THE PROBLEM
From the first line to the last, give the material again exactly, without the images.

*** DATA SUPPLIED ***

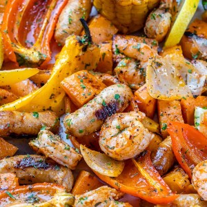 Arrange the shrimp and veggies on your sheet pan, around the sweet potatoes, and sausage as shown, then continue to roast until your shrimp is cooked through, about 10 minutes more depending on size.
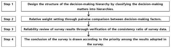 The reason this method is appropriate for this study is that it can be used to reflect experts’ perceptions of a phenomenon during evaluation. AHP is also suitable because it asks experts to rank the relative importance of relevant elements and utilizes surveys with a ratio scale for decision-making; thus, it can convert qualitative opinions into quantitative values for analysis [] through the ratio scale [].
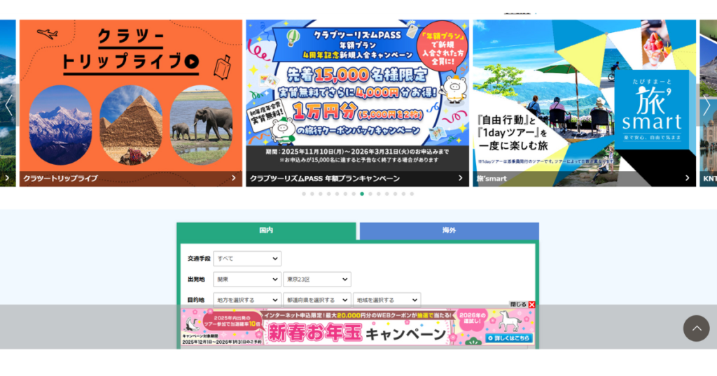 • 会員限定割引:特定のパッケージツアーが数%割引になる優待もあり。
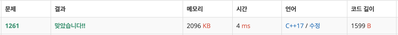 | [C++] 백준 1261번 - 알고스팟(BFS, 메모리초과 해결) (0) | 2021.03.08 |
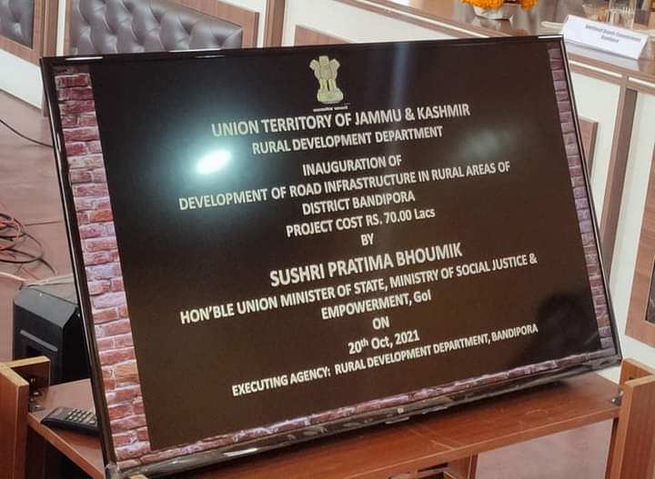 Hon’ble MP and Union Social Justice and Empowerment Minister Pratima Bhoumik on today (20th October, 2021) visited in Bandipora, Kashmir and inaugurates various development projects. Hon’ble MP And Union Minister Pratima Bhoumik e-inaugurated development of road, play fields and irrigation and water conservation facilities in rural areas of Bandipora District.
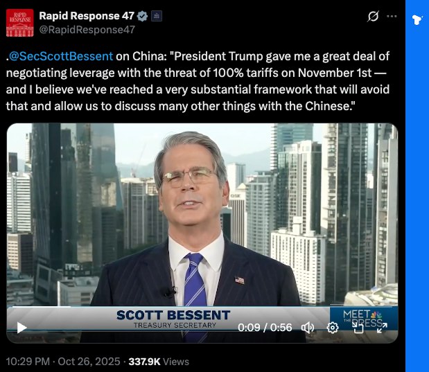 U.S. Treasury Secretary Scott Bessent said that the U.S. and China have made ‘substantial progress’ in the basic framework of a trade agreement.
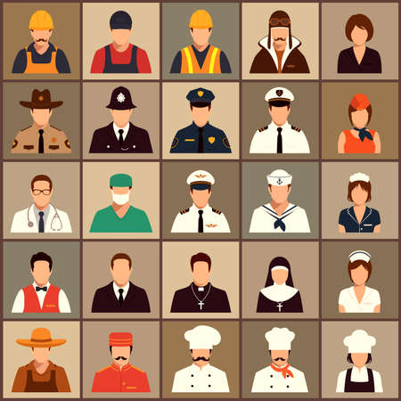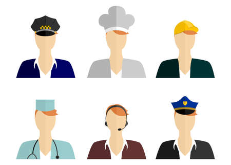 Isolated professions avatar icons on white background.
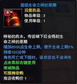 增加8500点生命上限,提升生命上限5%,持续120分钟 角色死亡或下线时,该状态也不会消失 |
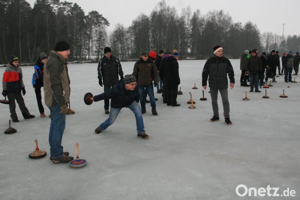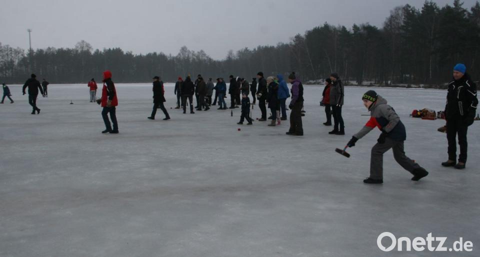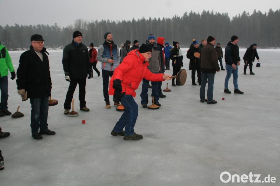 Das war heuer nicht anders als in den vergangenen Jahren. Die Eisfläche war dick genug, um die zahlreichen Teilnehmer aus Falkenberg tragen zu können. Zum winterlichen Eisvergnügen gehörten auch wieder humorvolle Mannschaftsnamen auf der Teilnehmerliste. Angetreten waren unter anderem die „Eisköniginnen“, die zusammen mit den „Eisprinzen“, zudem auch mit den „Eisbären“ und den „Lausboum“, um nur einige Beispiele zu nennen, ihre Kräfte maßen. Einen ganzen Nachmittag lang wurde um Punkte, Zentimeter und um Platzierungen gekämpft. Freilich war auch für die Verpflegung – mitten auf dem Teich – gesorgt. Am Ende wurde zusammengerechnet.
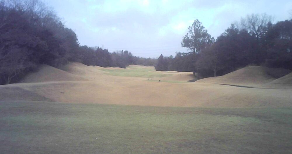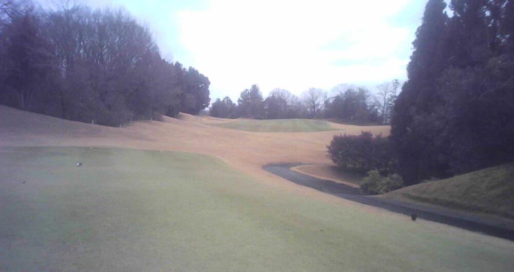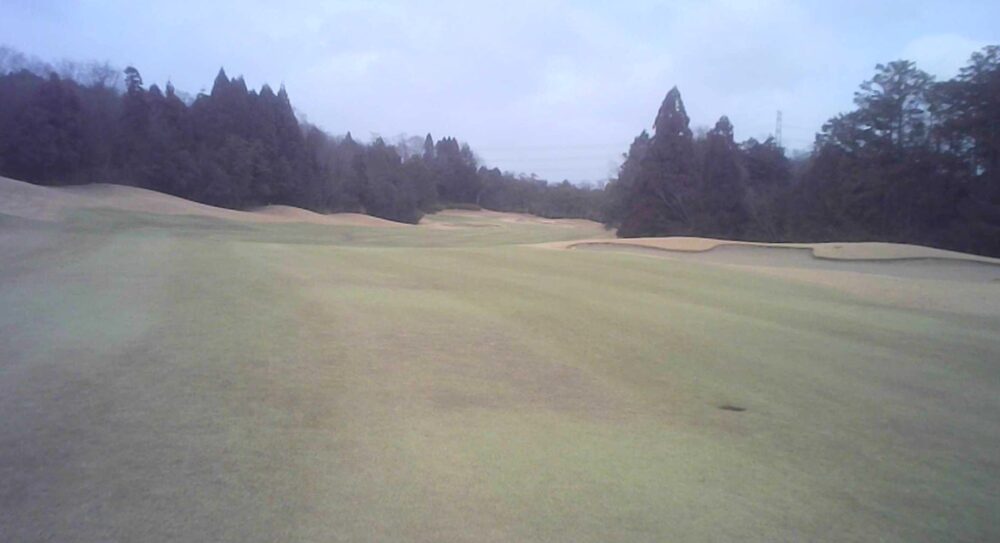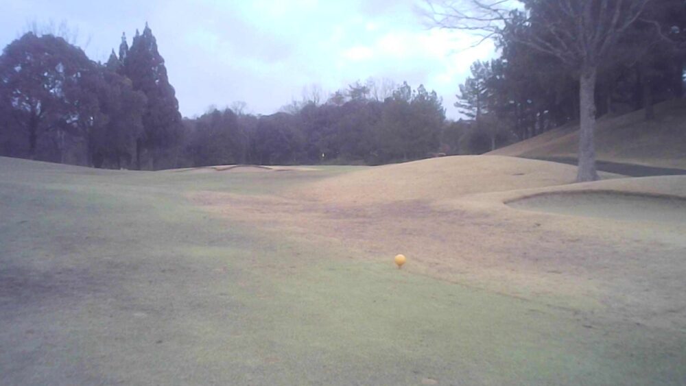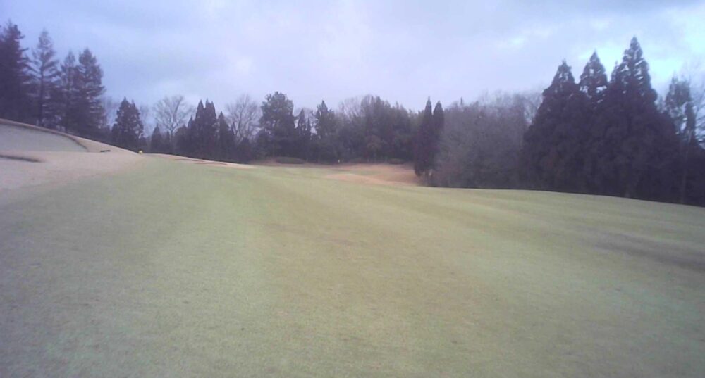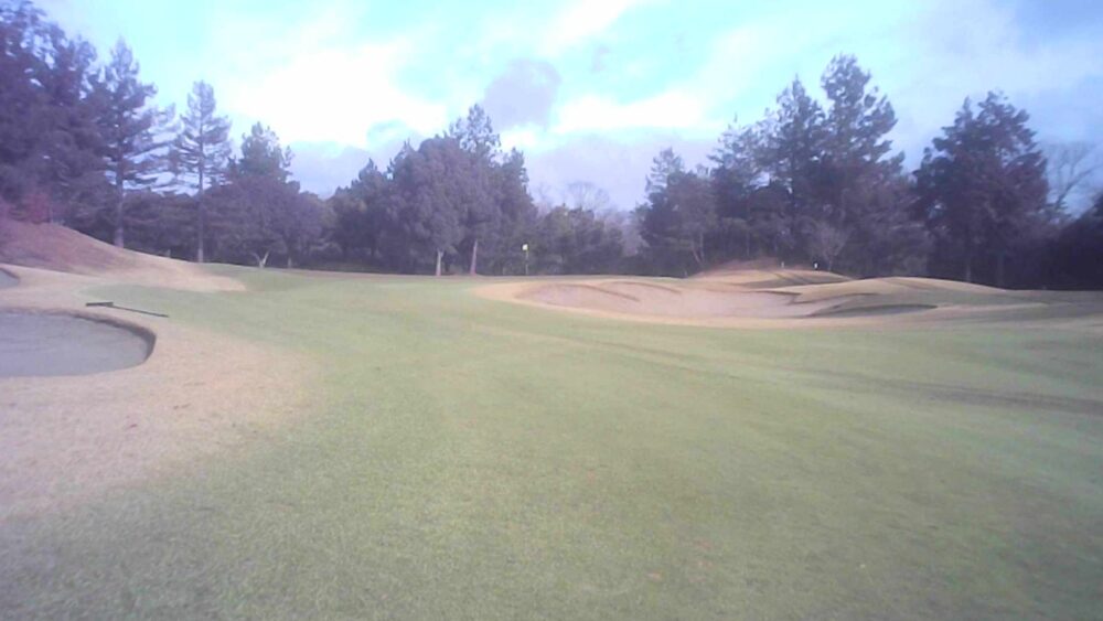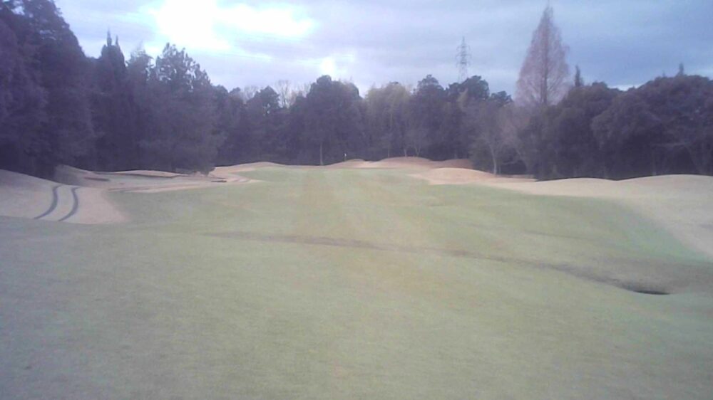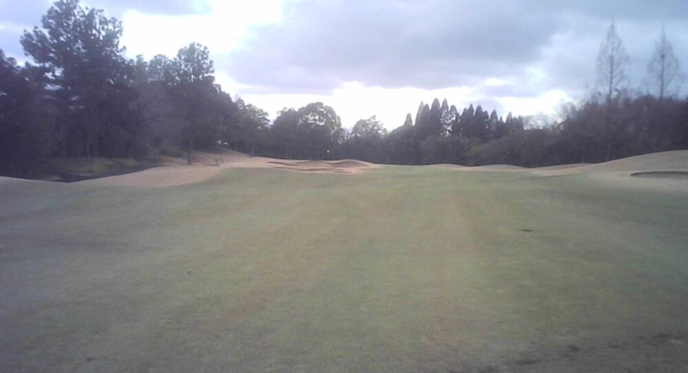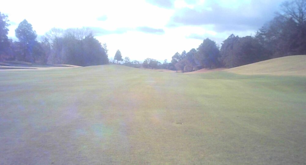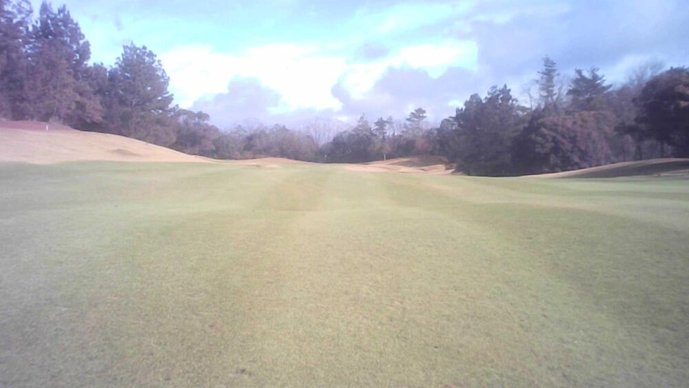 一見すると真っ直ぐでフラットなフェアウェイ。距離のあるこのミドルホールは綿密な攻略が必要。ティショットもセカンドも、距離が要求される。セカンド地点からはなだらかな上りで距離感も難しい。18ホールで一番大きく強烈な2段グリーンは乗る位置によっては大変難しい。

*** End of DATA SUPPLIED ***

ANSWER SECTION
 Arrange the shrimp and veggies on your sheet pan, around the sweet potatoes, and sausage as shown, then continue to roast until your shrimp is cooked through, about 10 minutes more depending on size.
 The reason this method is appropriate for this study is that it can be used to reflect experts’ perceptions of a phenomenon during evaluation. AHP is also suitable because it asks experts to rank the relative importance of relevant elements and utilizes surveys with a ratio scale for decision-making; thus, it can convert qualitative opinions into quantitative values for analysis [] through the ratio scale [].
 • 会員限定割引:特定のパッケージツアーが数%割引になる優待もあり。
 | [C++] 백준 1261번 - 알고스팟(BFS, 메모리초과 해결) (0) | 2021.03.08 |
 Hon’ble MP and Union Social Justice and Empowerment Minister Pratima Bhoumik on today (20th October, 2021) visited in Bandipora, Kashmir and inaugurates various development projects. Hon’ble MP And Union Minister Pratima Bhoumik e-inaugurated development of road, play fields and irrigation and water conservation facilities in rural areas of Bandipora District.
 U.S. Treasury Secretary Scott Bessent said that the U.S. and China have made ‘substantial progress’ in the basic framework of a trade agreement.
 Isolated professions avatar icons on white background.
 增加8500点生命上限,提升生命上限5%,持续120分钟 角色死亡或下线时,该状态也不会消失 |
 Das war heuer nicht anders als in den vergangenen Jahren. Die Eisfläche war dick genug, um die zahlreichen Teilnehmer aus Falkenberg tragen zu können. Zum winterlichen Eisvergnügen gehörten auch wieder humorvolle Mannschaftsnamen auf der Teilnehmerliste. Angetreten waren unter anderem die „Eisköniginnen“, die zusammen mit den „Eisprinzen“, zudem auch mit den „Eisbären“ und den „Lausboum“, um nur einige Beispiele zu nennen, ihre Kräfte maßen. Einen ganzen Nachmittag lang wurde um Punkte, Zentimeter und um Platzierungen gekämpft. Freilich war auch für die Verpflegung – mitten auf dem Teich – gesorgt. Am Ende wurde zusammengerechnet.
 一見すると真っ直ぐでフラットなフェアウェイ。距離のあるこのミドルホールは綿密な攻略が必要。ティショットもセカンドも、距離が要求される。セカンド地点からはなだらかな上りで距離感も難しい。18ホールで一番大きく強烈な2段グリーンは乗る位置によっては大変難しい。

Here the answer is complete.